Last week, the annual Dairy Industry Newsletter conference was held in London during what many described as the longest ever downturn in UK milk prices.

First Milk is paying a price close to 16p/litre (20.5c/l), Lactalis not much better at 16.5p/l, Meadow Foods to 17p/l and Belton Cheese about 19p/l (24.5c/l).

Across the industry, some farmers are getting as low as 13p/l (16.7c/l) while others who have contracted milk are getting up to 40p/l (51c/l). So it’s doom and gloom and has been for at least 24 months now in the UK.

Some industry analysts suggest UK market sentiment has turned positive and there are some signs the market is recovering.

Why? The handbrake has been firmly pulled on milk supplies. Traders who are selling dairy feel they have hit the bottom and are beginning to look towards selling 2017 product.

The latest figures indicate UK daily milk volumes collected are sliding and sliding fast. Figures now are about 4% to 5% lower than the same time last year, equivalent to a daily reduction of about 2m litres per day (see Figure 1). Some UK experts suggest peak milk will be well back, maybe up to 2m litres.

What else is driving supply down? Cow slaughterings are up, as sterling is helping cow meat sales. However, the biggest driver of lower milk volumes is the milk price to feed price ratio.

Milk price

Milk price as low as it has been for the last 10 years and feed is over £200/t and hence a ratio of 0.9 MP:FP means it is costing more in feed than a farmer is getting back in milk. There is usually a lag in response to this ratio, but given the situation, industry experts believe the reaction could be sharper.

There is still plenty of milk, but as a farmer who has been getting a poor milk price for the last two years said: “Why would I buy more meal to drive milk yields when I’m not getting paid as much for the milk?”

Over half the UK calved last autumn, so those cows will be out at grass now and most are over 200 days in milk, so they will be fed less and less supplementary feed.

Intervention ‘almost’ full

Speaking in London, EU Commission official Tom Tynan said the Commission would have to look seriously at intervention volume limits and stores over the coming days because the volumes of product (especially skim milk powder) going in at the moment is extraordinary.

He said: “When I saw the figure of 22,000t of skim milk powder going into intervention last week, I was amazed. We thought figures of 12,000 and 14,000 were strong, but 22,000 was unbelievable. The intervention ceiling will be reached within two weeks at that sort of pace.”

However, when questioned, the EU official suggested the Commission will continue to support the sector. He said: “The sector has a positive trade balance of €9bn, so we will continue to support the 700,000 farmers in the sector. The Commission is as concerned as you are and we have used every possible tool to try to help the sector, especially since the Russian ban on EU product was imposed last year.”

Who will turn the lights out? - Dairy

There was very little room for any optimism at the second day of the conference in London. Speaker after speaker talked about the prospect for a long time of low milk prices unless something changed to reduce supply.

A combination of expected milk following EU quota removal coupled with Russian, Chinese and global factors have all created the current low global commodity prices.

There were seven speakers in the final session of the Dairy Industry conference in London. David Dobbin, CEO Dale Farm, and Jim Bergin (pictured), CEO Glanbia Ingredients Ireland, spoke representing the northern and southern Irish milk pools respectively.

The topic for discussion was the new market crisis – managing the extremes of dairy market volatility, but many speakers didn’t address the topic at all.
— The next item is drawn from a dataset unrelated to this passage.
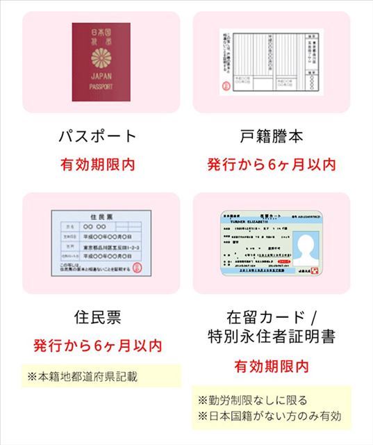 【住民票/パスポート/戸籍謄本・抄本】から1点お持ちください。

Jim Bergin outlined the recently launched Milkflex loans to farms and a history of the Glanbia fixed milk price schemes.

Among other points, David Dobbin emphasised the need for Northern Ireland farmers to improve productivity.

He said: “It is clear the bottom quartile of farmers have an opportunity to increase margin by 5p/litre by better genetics, etc. Yes, there is a role for co-ops to manage volatility and they must be more market-orientated.”